LOS ANGELES, CA (Catholic Online) - The flavored energy shot "has been mentioned in some 90 filings with the F.D.A., including more than 30 that involved serious or life-threatening injuries like heart attacks, convulsions and, in one case, a spontaneous abortion," according to a New York Times investigation.

The Times investigation found that 5-Hour Energy was implicated in at least 13 deaths over the last four years. Its nearby competitor, Monster Energy Drink was cited in five deaths in a review last month.

Both the investigation, along with the FDA are careful to point out that correlation does not equal causation in these drinks that result in the exact opposite of a pick-me-up.

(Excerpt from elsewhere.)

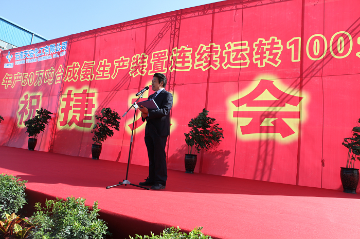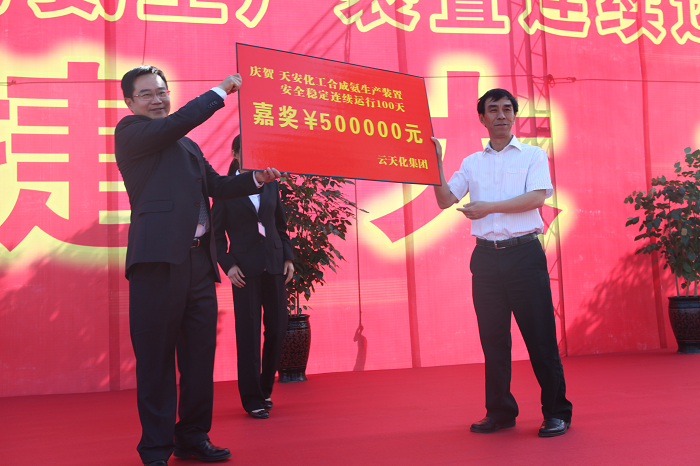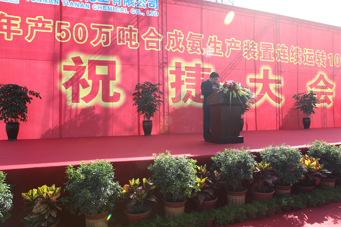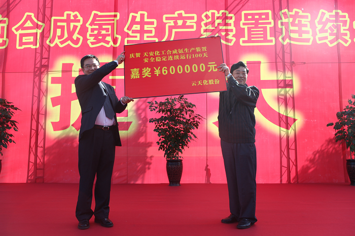 4月19日,云南天安化工有限公司(简称:天安化工)传来捷报--天安化工年产50万吨合成氨生产装置实现了高负荷、连续稳定运行100天的新纪录,这是天安化工建成投产以来的第一个“百日红”。消息传来,令人鼓舞,于4月24日,在安宁草铺化工工业园区天安化工生产区隆重举行年产50万吨合成氨生产装置连续运行100天祝捷大会。

The most frightening implication to emerge from these recent reports is the fact that nobody really knows what's going on with energy drinks, or as in 5-Hour Energy's case "dietary supplements" -- that become implicated in fatalities.

The companies behind these products are aware of what's happening. They're required by federal law to report cases that link their products to fatalities to the FDA. "I am not interested in making any comment," Manoj Bhargava, the chief executive of Living Essentials, the company that makes 5-Hour Energy says.

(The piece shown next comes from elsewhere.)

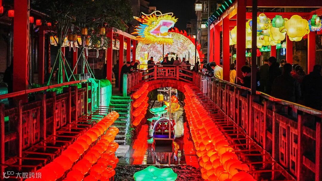 祥龙华夏,以“二月二 龙抬头”风俗基调为宋渠直街定制的巨型龙灯盘踞河道,一派繁荣吉祥。正逢甲辰龙年,春龙抬首,鸿运当头。再现泱泱华夏千年风采,风调雨顺的祈请更是国泰民安的心之所向。

It calls to mind the Four Loko debacle. In that instance, a product team decided that it would be a good idea to take all of the ingredients in your standard energy drink -- caffeine, taurine, B vitamins -- and mix it with high proof malt liquor and sell it for about two bucks a can.

A few months later, people turned up dead after drinking the stuff, a horrible turn of events that eventually caused the government to ban the formula. However -- it was eventually re-released without all of the energy additives.

A few months later, and America figured out a way to bring back to old upper-downer specialty cocktail. Just drop a 5-Hour Energy into a can of Four Loko and BOOM! People came up with the same deadly results.

5-Hour Energy may not be the cause of those grisly sounding deaths, and maybe it isn't. Either way, we've seen this chain of events before. Somebody like The Times spots the correlation. Some government agency conducts an investigation, maybe banning some things even though that won't bring the victims back from the dead. And, inevitably, nobody wins.